**Task directions:**
Word for word, restate the lines of the data below between those holding "Am Stand der" and "Parepare, 29 Desember", inclusive; pictures do not belong in the copy.

++++ Dataset entries ++++

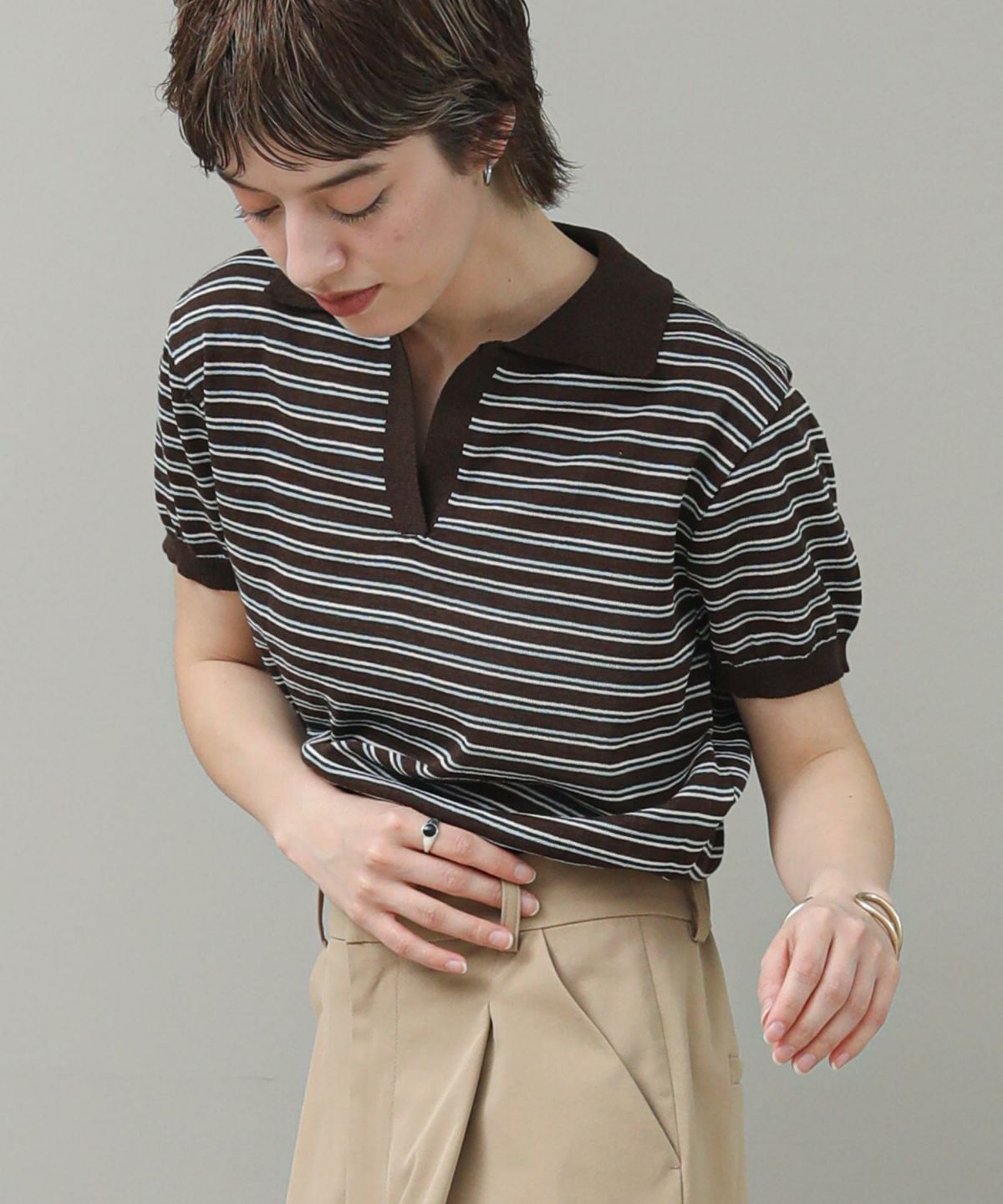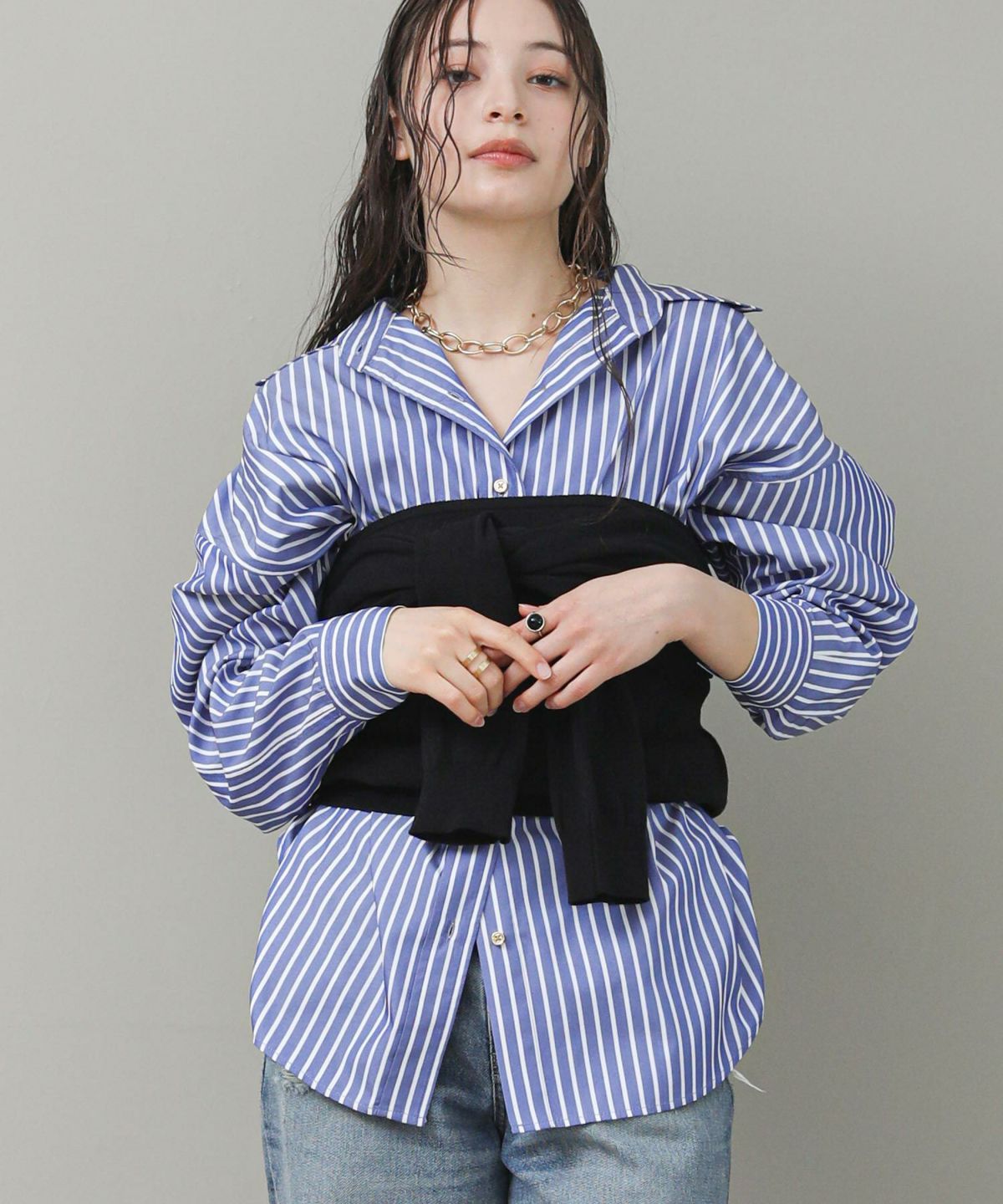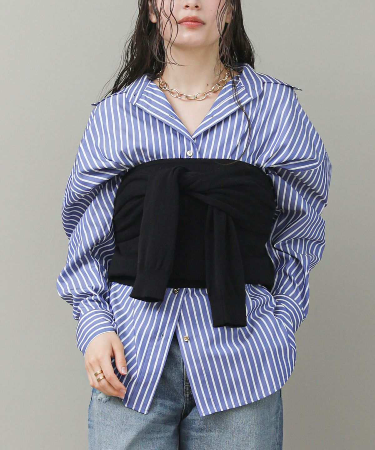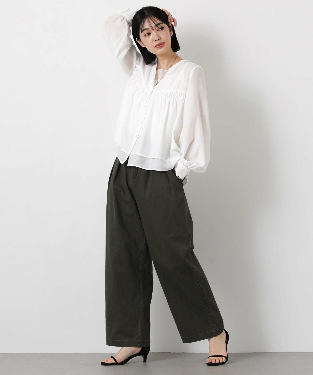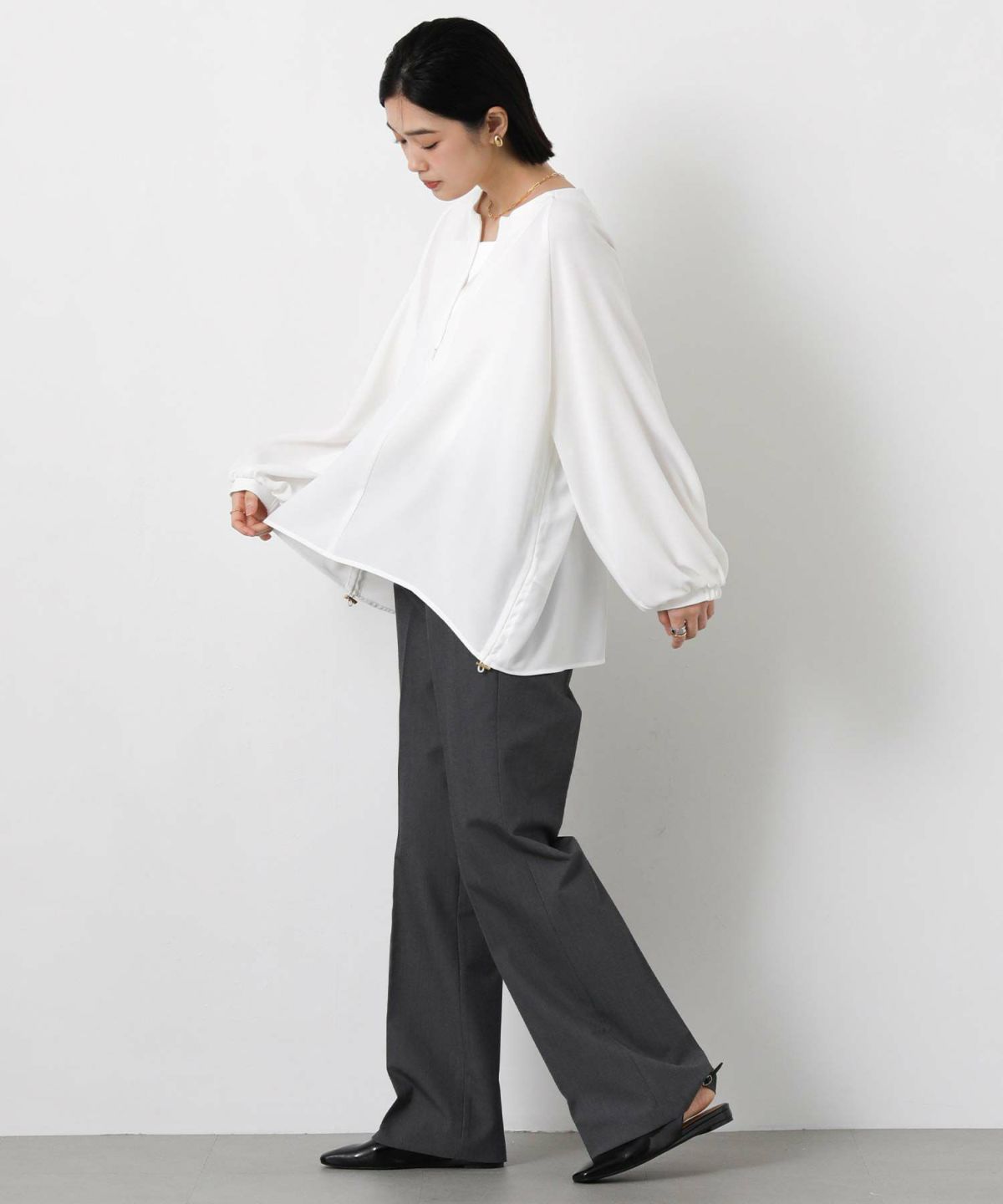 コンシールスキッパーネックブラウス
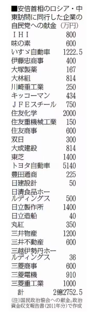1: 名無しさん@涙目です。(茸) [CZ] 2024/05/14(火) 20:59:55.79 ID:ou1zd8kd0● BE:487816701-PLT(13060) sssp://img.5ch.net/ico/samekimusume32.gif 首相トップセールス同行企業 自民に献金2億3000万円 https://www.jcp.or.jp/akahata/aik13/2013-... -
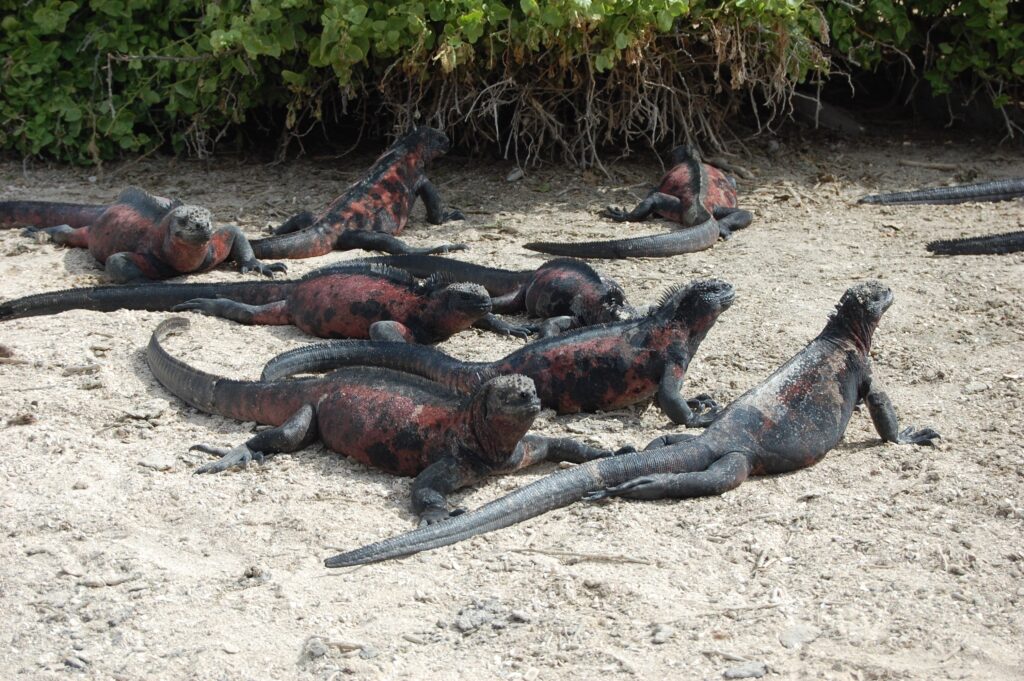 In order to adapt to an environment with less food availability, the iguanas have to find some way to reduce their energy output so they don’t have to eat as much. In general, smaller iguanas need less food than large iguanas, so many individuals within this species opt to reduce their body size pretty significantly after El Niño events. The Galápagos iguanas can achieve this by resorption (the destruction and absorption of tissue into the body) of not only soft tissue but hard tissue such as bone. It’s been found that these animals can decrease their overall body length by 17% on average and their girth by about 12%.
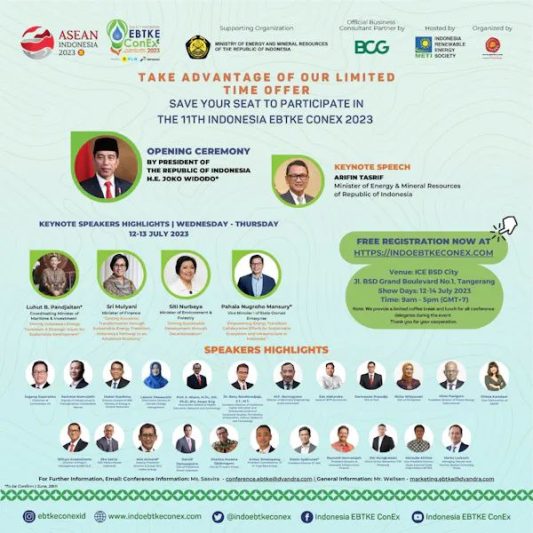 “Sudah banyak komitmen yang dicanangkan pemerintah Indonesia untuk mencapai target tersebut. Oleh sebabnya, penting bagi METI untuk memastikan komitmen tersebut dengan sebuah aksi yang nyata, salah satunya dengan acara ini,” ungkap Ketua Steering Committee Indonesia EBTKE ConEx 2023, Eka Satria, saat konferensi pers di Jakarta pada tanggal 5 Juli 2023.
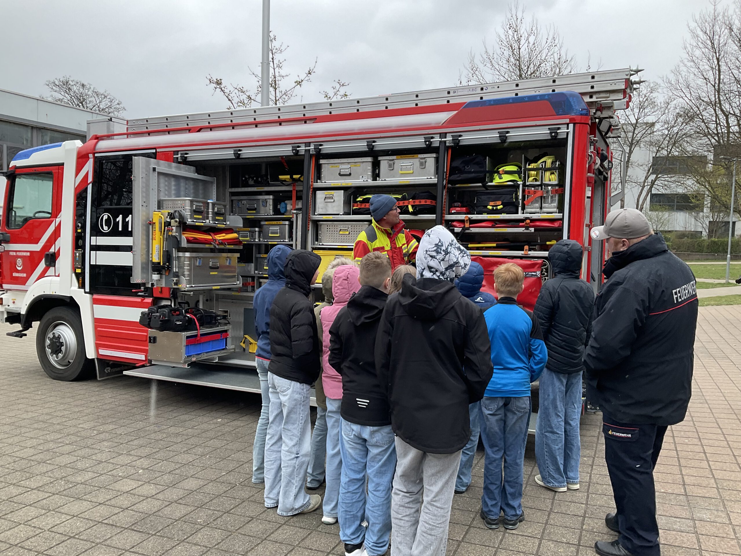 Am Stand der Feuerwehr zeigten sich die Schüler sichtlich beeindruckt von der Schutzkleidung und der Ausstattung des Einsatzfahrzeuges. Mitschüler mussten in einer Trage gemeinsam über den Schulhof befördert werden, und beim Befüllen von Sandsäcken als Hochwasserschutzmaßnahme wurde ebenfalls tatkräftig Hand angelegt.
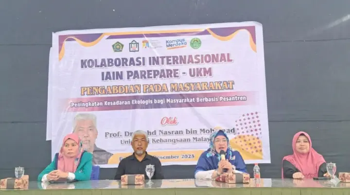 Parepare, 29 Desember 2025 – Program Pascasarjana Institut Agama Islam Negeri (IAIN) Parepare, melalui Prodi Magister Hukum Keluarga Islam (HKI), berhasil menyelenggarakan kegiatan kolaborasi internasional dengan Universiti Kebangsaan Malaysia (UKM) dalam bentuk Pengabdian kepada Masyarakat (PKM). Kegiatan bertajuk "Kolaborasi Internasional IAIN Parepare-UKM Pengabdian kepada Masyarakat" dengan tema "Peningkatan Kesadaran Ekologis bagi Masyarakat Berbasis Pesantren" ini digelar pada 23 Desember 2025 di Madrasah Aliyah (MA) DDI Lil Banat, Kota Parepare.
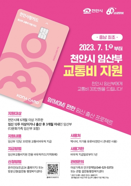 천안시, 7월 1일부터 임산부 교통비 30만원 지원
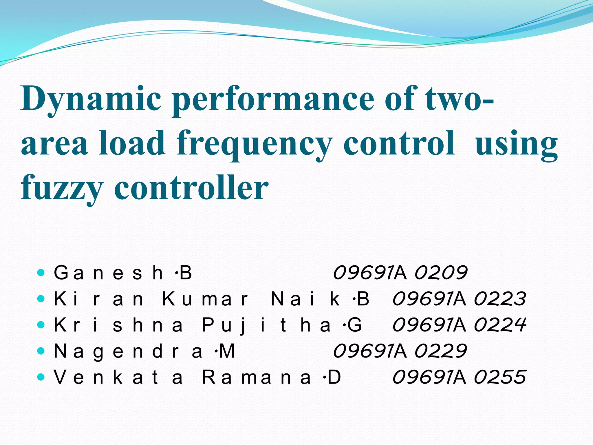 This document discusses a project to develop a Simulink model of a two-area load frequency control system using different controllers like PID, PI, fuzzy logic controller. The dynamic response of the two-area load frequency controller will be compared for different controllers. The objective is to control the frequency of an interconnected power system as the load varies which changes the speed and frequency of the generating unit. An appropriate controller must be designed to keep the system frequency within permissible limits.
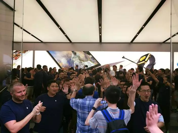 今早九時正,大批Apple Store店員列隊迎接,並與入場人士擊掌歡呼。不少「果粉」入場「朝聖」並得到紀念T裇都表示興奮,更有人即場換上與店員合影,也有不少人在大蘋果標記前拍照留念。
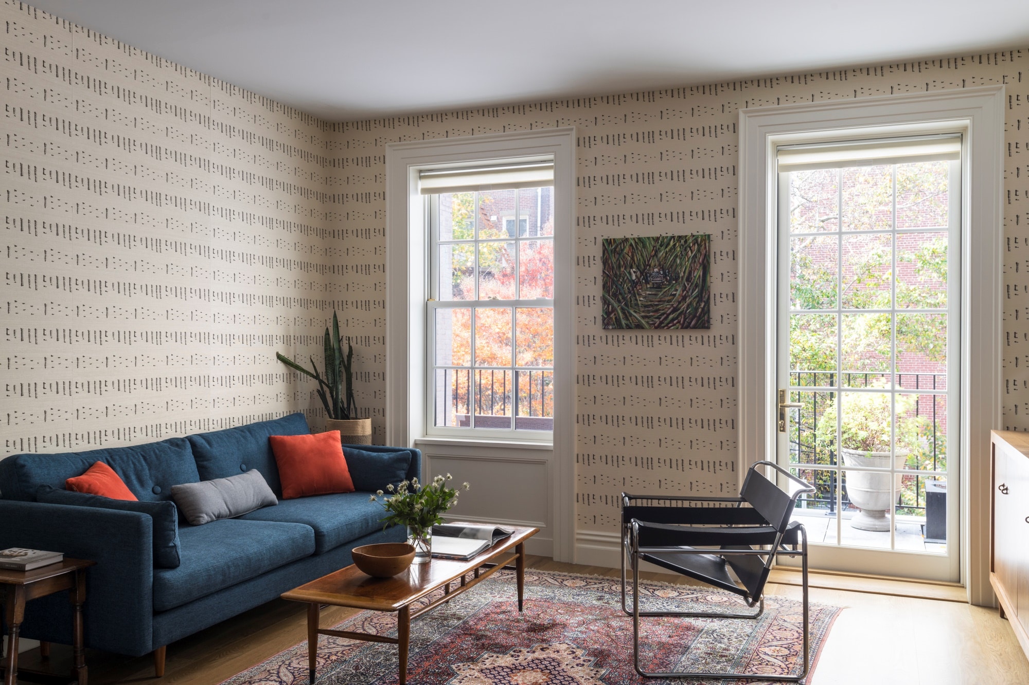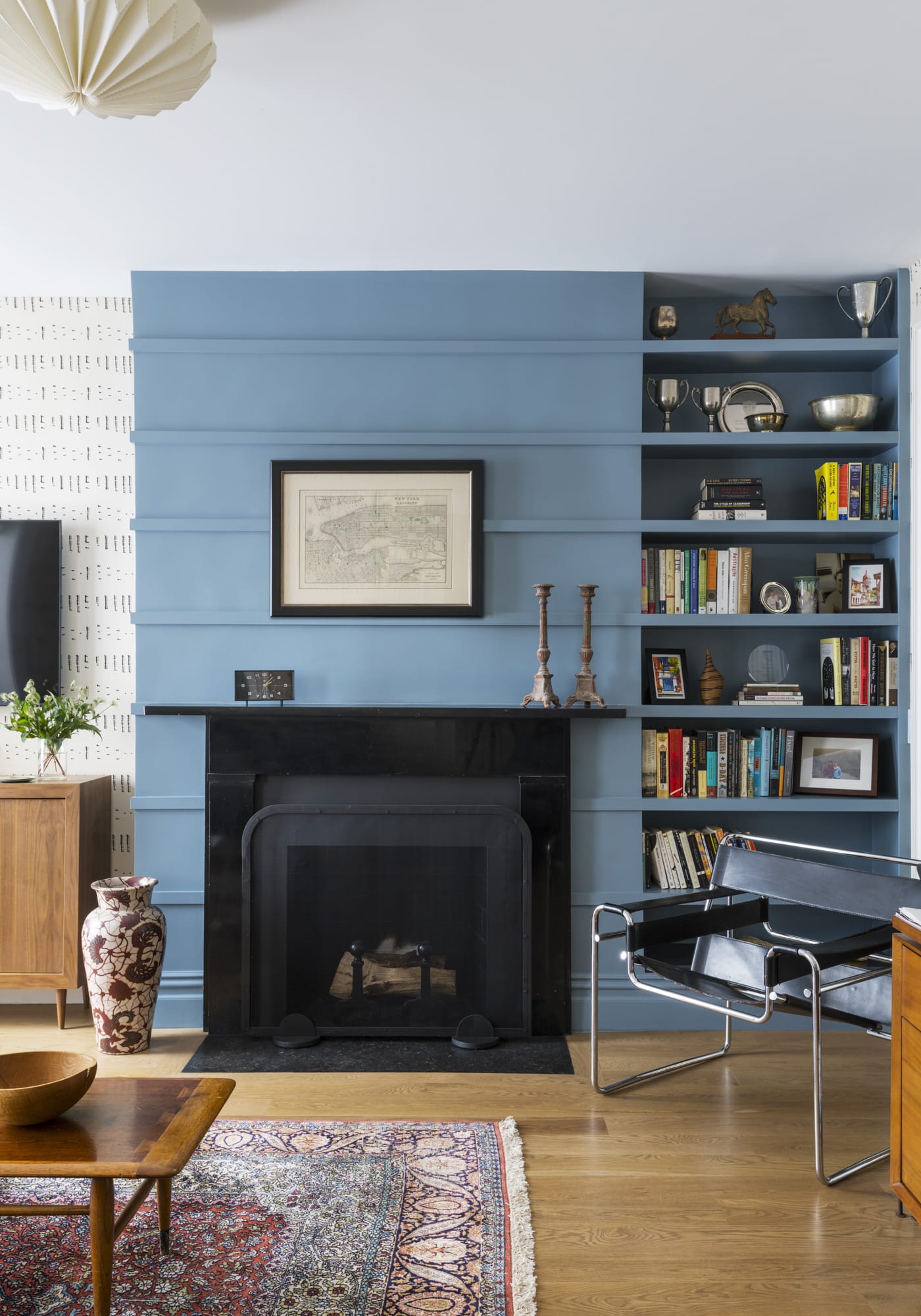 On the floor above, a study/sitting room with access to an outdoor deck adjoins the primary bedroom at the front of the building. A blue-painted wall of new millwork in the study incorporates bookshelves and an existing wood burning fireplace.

++++

**Result of this exercise:**
 Am Stand der Feuerwehr zeigten sich die Schüler sichtlich beeindruckt von der Schutzkleidung und der Ausstattung des Einsatzfahrzeuges. Mitschüler mussten in einer Trage gemeinsam über den Schulhof befördert werden, und beim Befüllen von Sandsäcken als Hochwasserschutzmaßnahme wurde ebenfalls tatkräftig Hand angelegt.
 Parepare, 29 Desember 2025 – Program Pascasarjana Institut Agama Islam Negeri (IAIN) Parepare, melalui Prodi Magister Hukum Keluarga Islam (HKI), berhasil menyelenggarakan kegiatan kolaborasi internasional dengan Universiti Kebangsaan Malaysia (UKM) dalam bentuk Pengabdian kepada Masyarakat (PKM). Kegiatan bertajuk "Kolaborasi Internasional IAIN Parepare-UKM Pengabdian kepada Masyarakat" dengan tema "Peningkatan Kesadaran Ekologis bagi Masyarakat Berbasis Pesantren" ini digelar pada 23 Desember 2025 di Madrasah Aliyah (MA) DDI Lil Banat, Kota Parepare.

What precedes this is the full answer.